▶ **DIRECTIONS**
When you reach the line containing "Double wall stainless", repeat that line and each one after it exactly until the records end, leaving out pictures.

▶ **STORED DATA**
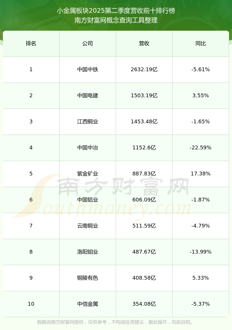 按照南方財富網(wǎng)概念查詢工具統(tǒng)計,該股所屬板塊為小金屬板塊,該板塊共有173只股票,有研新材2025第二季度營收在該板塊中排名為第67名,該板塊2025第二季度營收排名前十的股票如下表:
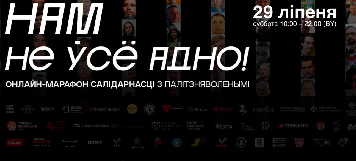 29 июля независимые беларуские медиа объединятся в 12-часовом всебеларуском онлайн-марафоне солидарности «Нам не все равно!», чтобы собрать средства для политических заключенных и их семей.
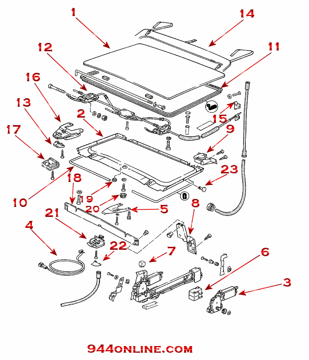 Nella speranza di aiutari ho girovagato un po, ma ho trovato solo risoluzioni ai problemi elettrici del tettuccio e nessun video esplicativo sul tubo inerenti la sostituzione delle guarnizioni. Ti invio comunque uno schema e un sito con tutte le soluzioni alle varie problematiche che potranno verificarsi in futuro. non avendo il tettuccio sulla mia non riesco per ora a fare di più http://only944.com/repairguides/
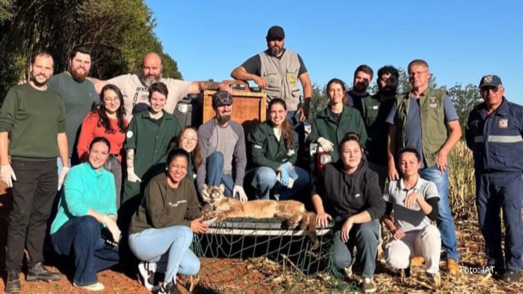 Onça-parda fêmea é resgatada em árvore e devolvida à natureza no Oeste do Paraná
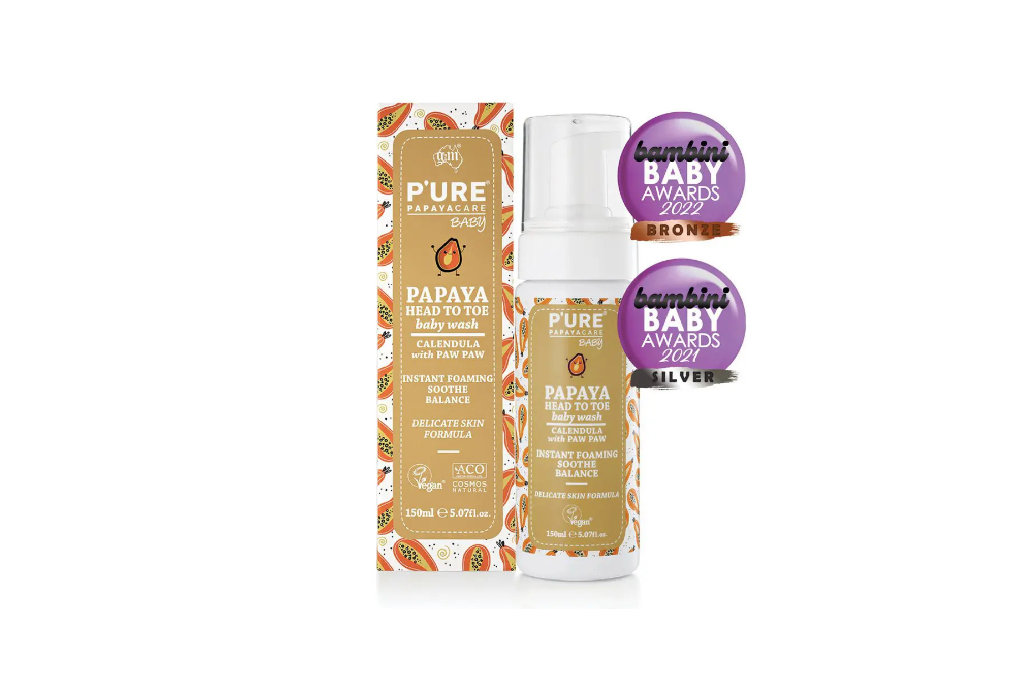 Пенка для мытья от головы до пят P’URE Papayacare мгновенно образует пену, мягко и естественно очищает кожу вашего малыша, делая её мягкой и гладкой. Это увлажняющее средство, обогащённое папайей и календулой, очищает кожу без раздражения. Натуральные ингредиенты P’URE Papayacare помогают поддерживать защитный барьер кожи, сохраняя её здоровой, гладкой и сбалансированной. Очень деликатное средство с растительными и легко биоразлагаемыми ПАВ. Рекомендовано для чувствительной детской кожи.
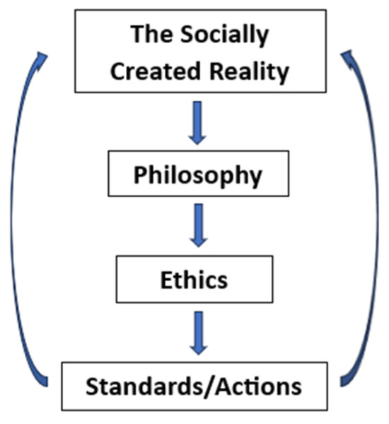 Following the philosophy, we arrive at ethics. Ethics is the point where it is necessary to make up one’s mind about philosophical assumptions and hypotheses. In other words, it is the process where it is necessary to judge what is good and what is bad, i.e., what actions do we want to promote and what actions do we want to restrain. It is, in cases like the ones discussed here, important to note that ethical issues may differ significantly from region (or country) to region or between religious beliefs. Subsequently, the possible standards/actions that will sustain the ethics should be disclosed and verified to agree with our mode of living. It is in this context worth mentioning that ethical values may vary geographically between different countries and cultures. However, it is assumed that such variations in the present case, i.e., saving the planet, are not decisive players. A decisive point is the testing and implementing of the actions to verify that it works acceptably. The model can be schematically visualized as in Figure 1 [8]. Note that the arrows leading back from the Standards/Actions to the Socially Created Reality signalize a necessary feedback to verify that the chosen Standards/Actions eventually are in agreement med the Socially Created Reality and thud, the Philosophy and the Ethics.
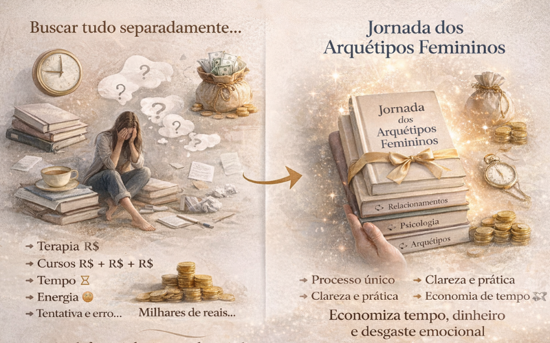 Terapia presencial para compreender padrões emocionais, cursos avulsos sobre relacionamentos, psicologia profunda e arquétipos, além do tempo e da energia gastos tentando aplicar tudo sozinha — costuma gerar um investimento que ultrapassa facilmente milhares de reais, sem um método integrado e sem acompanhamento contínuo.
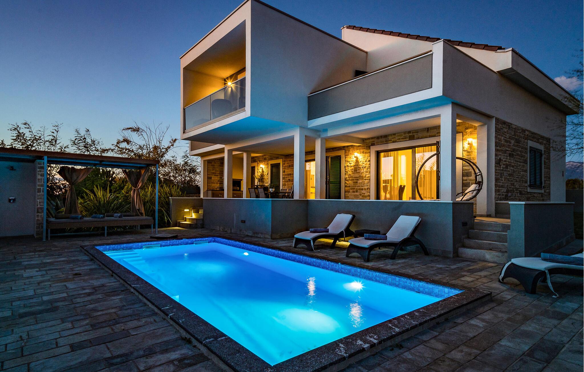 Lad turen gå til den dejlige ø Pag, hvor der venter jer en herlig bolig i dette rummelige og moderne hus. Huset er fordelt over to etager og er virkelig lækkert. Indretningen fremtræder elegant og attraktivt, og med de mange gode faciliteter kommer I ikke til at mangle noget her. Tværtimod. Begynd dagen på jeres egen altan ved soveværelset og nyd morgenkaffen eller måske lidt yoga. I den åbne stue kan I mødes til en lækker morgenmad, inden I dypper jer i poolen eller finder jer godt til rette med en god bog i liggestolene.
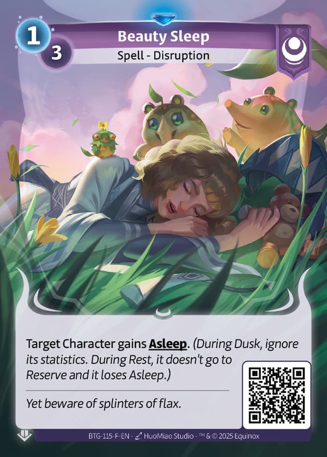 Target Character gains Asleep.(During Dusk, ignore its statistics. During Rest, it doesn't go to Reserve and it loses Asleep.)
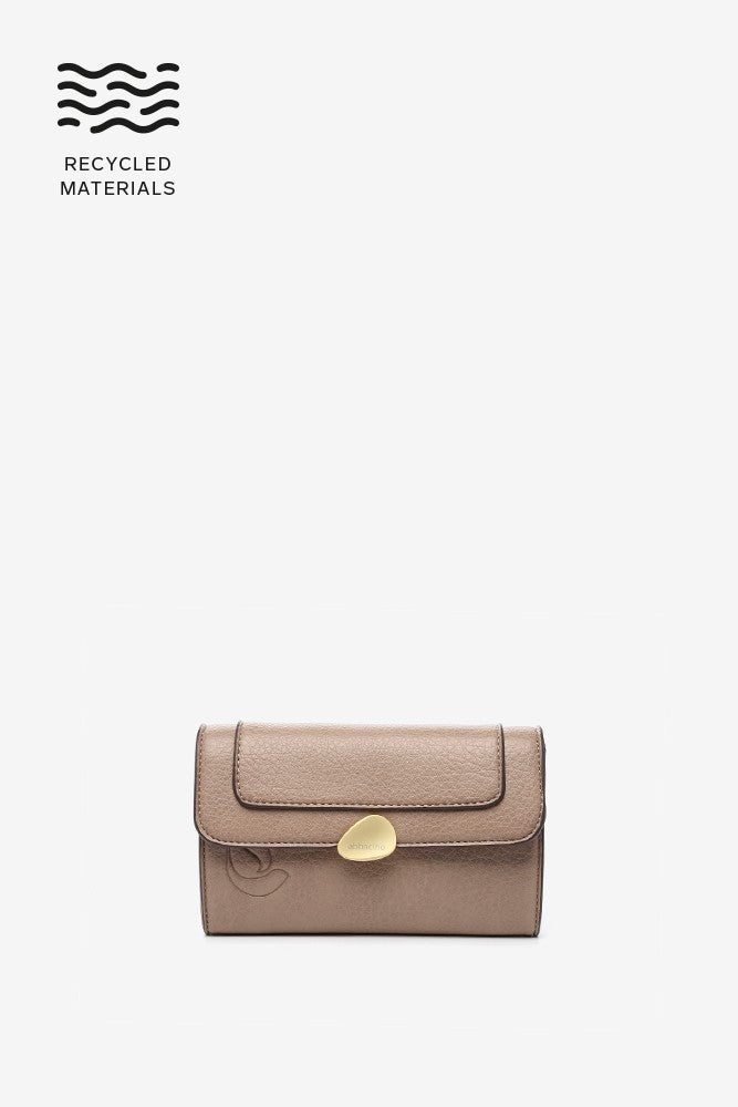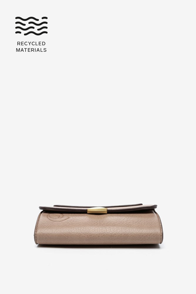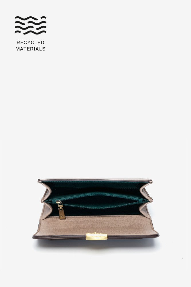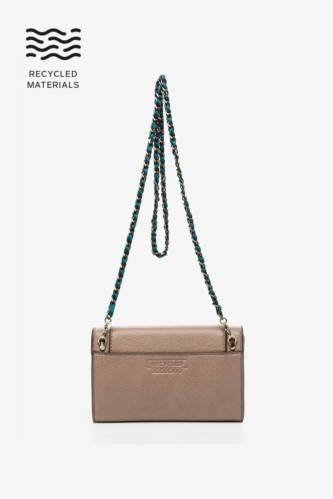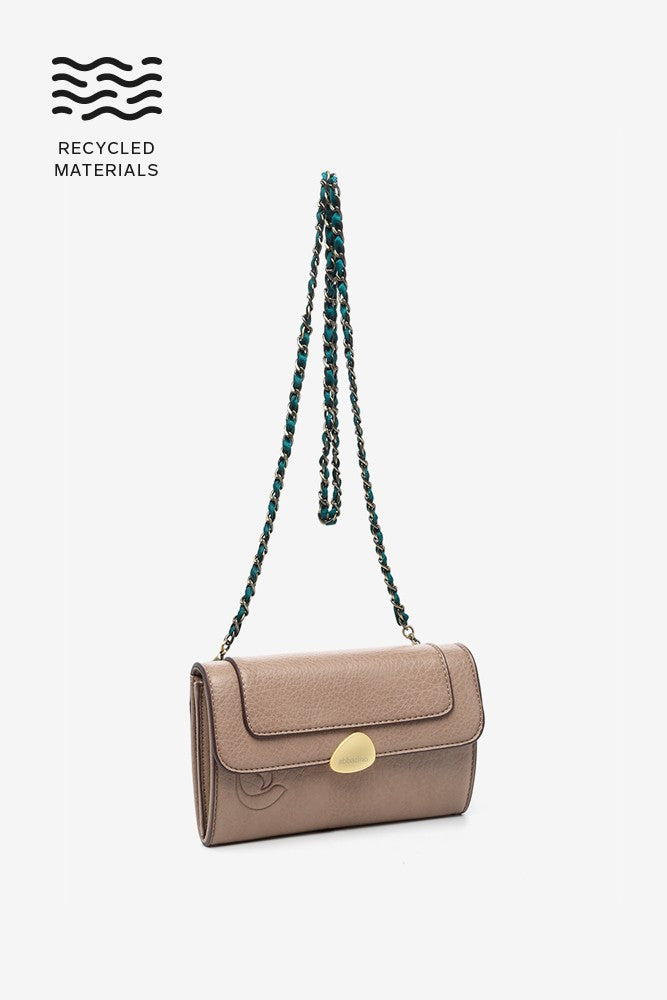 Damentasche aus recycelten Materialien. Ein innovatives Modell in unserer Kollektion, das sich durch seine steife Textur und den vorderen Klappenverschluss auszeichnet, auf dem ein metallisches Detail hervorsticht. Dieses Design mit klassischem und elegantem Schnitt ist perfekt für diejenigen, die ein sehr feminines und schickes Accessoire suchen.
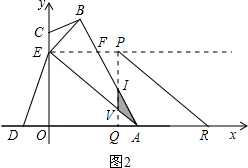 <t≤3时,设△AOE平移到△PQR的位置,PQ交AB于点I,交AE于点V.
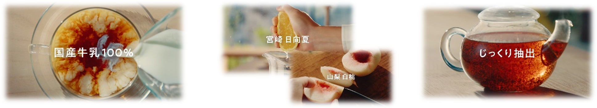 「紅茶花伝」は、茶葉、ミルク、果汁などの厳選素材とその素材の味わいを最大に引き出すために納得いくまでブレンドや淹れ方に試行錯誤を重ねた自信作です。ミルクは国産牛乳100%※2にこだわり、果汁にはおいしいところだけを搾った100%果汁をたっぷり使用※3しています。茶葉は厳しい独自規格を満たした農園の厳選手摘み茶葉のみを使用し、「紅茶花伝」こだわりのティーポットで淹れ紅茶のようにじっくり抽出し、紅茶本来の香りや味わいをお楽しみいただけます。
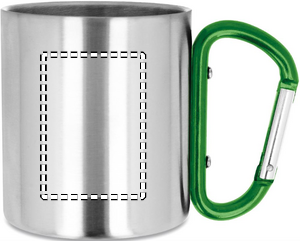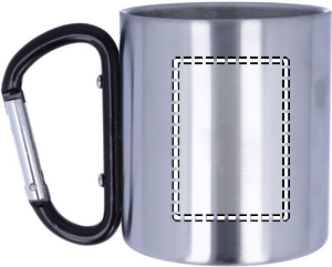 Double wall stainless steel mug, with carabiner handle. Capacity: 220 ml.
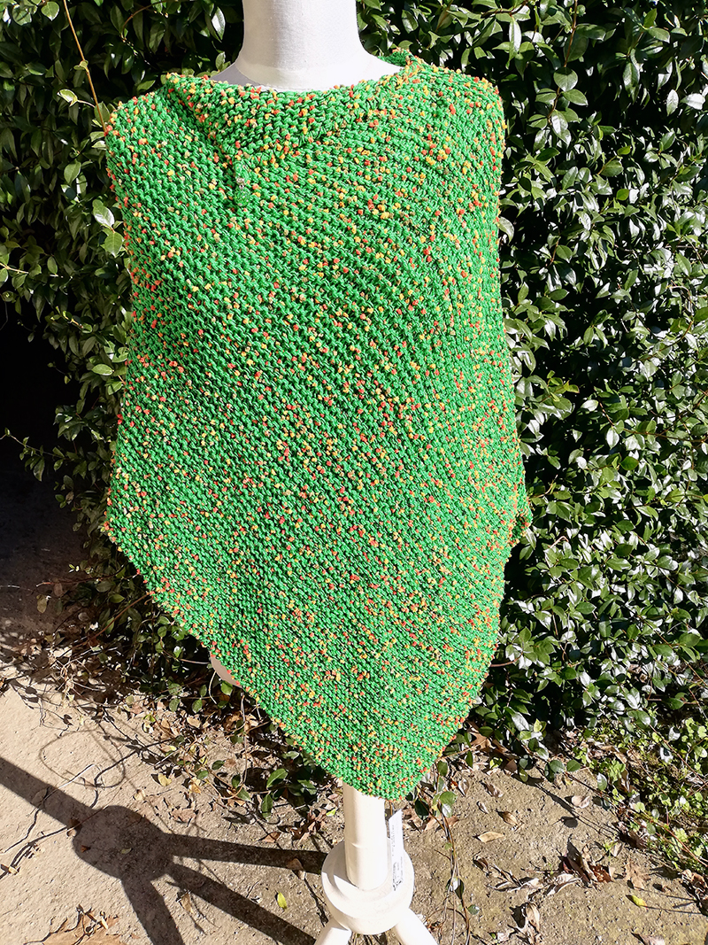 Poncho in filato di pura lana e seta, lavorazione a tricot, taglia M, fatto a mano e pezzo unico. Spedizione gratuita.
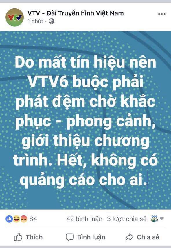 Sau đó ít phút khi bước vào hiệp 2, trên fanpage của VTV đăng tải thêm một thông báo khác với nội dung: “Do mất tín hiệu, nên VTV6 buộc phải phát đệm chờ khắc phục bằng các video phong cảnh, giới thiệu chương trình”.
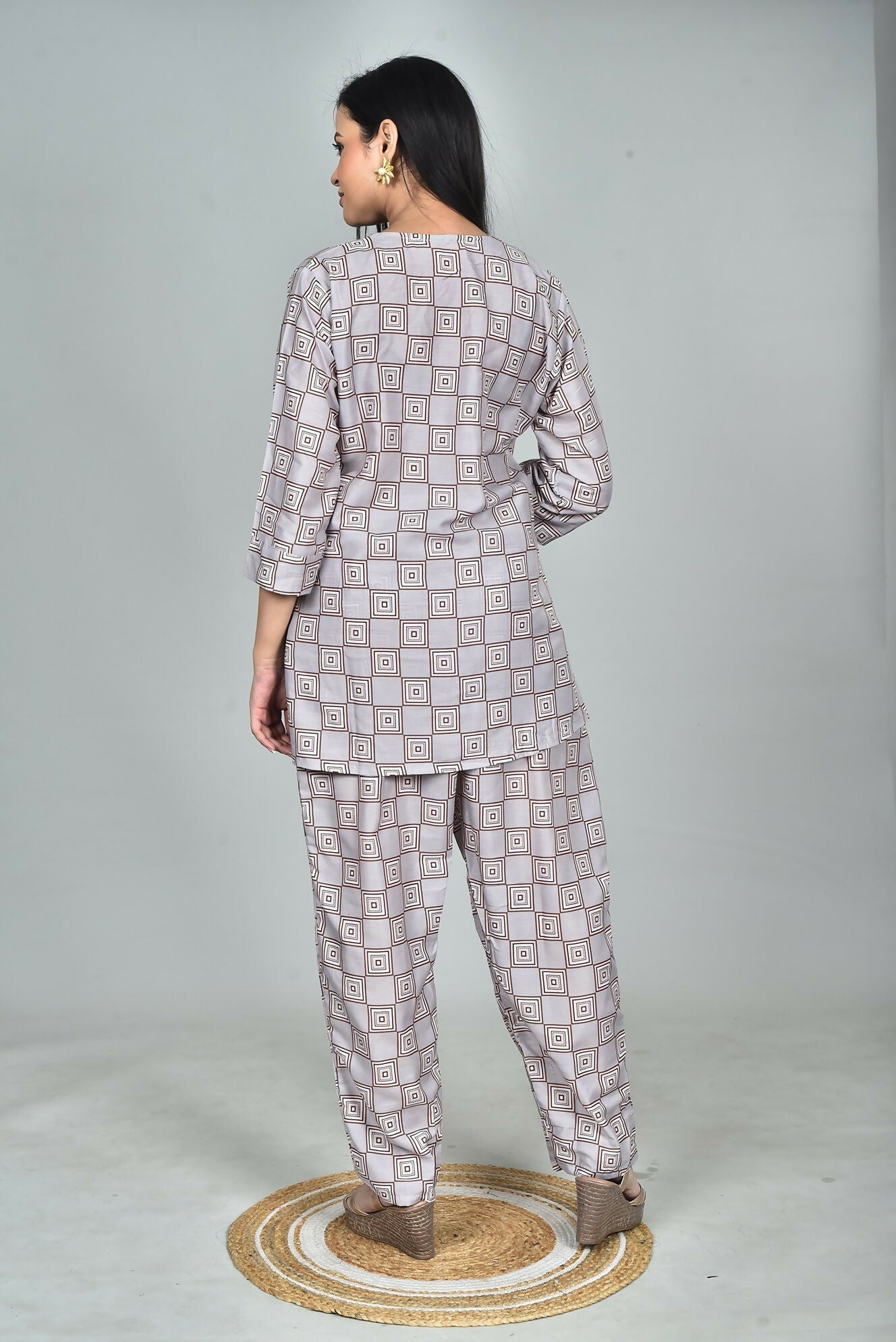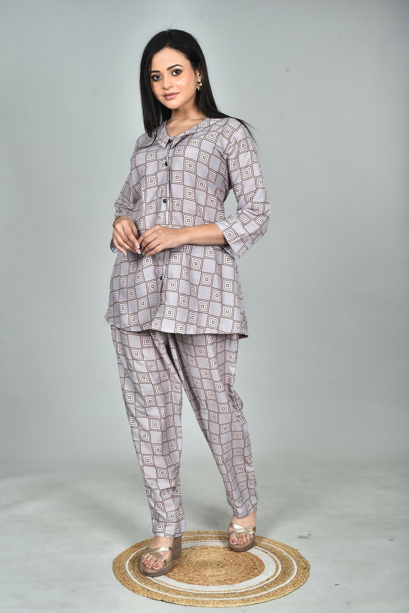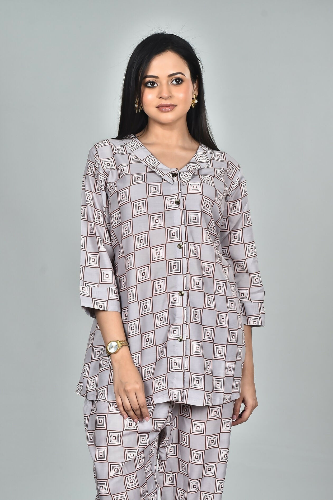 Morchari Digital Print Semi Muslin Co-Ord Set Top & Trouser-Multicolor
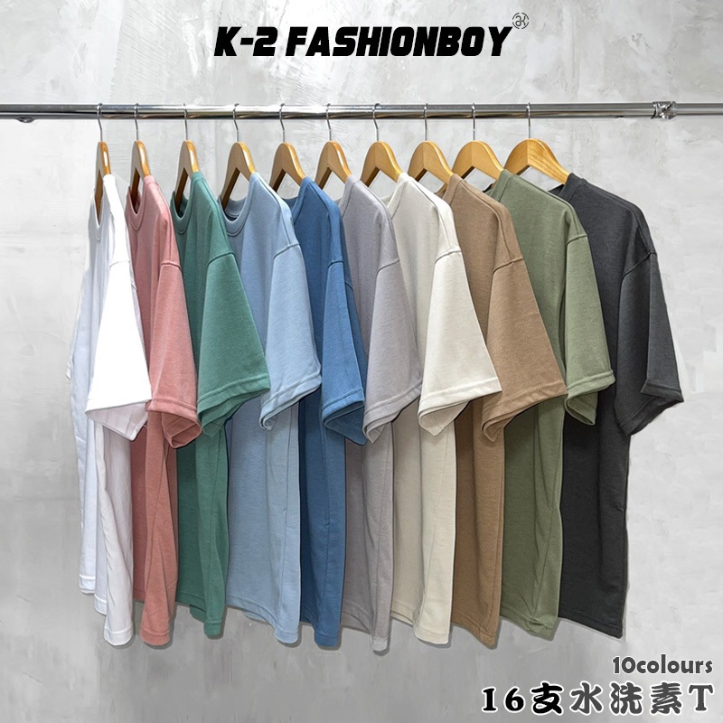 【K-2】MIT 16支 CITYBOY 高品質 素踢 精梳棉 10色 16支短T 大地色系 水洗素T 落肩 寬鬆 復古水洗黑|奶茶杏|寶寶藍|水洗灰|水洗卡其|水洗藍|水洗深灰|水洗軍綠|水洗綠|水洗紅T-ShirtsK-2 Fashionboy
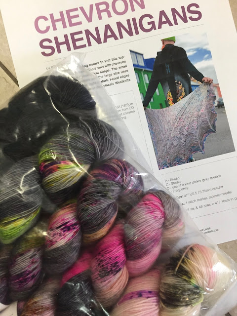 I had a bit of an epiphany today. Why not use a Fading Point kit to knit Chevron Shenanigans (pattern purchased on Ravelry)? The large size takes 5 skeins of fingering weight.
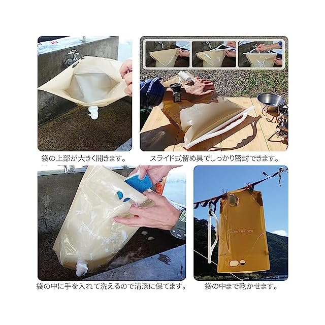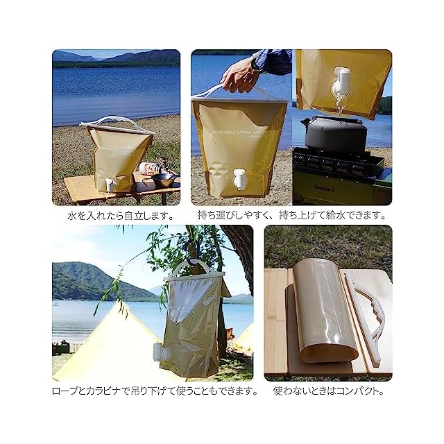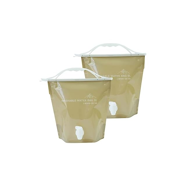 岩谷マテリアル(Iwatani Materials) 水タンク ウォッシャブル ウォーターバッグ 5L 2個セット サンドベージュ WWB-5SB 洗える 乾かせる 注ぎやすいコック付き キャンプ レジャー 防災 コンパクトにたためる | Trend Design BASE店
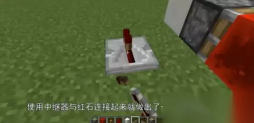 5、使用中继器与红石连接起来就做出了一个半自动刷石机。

▶ **RESULT OF THE TASK**
 Double wall stainless steel mug, with carabiner handle. Capacity: 220 ml.
 Poncho in filato di pura lana e seta, lavorazione a tricot, taglia M, fatto a mano e pezzo unico. Spedizione gratuita.
 Sau đó ít phút khi bước vào hiệp 2, trên fanpage của VTV đăng tải thêm một thông báo khác với nội dung: “Do mất tín hiệu, nên VTV6 buộc phải phát đệm chờ khắc phục bằng các video phong cảnh, giới thiệu chương trình”.
 Morchari Digital Print Semi Muslin Co-Ord Set Top & Trouser-Multicolor
 【K-2】MIT 16支 CITYBOY 高品質 素踢 精梳棉 10色 16支短T 大地色系 水洗素T 落肩 寬鬆 復古水洗黑|奶茶杏|寶寶藍|水洗灰|水洗卡其|水洗藍|水洗深灰|水洗軍綠|水洗綠|水洗紅T-ShirtsK-2 Fashionboy
 I had a bit of an epiphany today. Why not use a Fading Point kit to knit Chevron Shenanigans (pattern purchased on Ravelry)? The large size takes 5 skeins of fingering weight.
 岩谷マテリアル(Iwatani Materials) 水タンク ウォッシャブル ウォーターバッグ 5L 2個セット サンドベージュ WWB-5SB 洗える 乾かせる 注ぎやすいコック付き キャンプ レジャー 防災 コンパクトにたためる | Trend Design BASE店
 5、使用中继器与红石连接起来就做出了一个半自动刷石机。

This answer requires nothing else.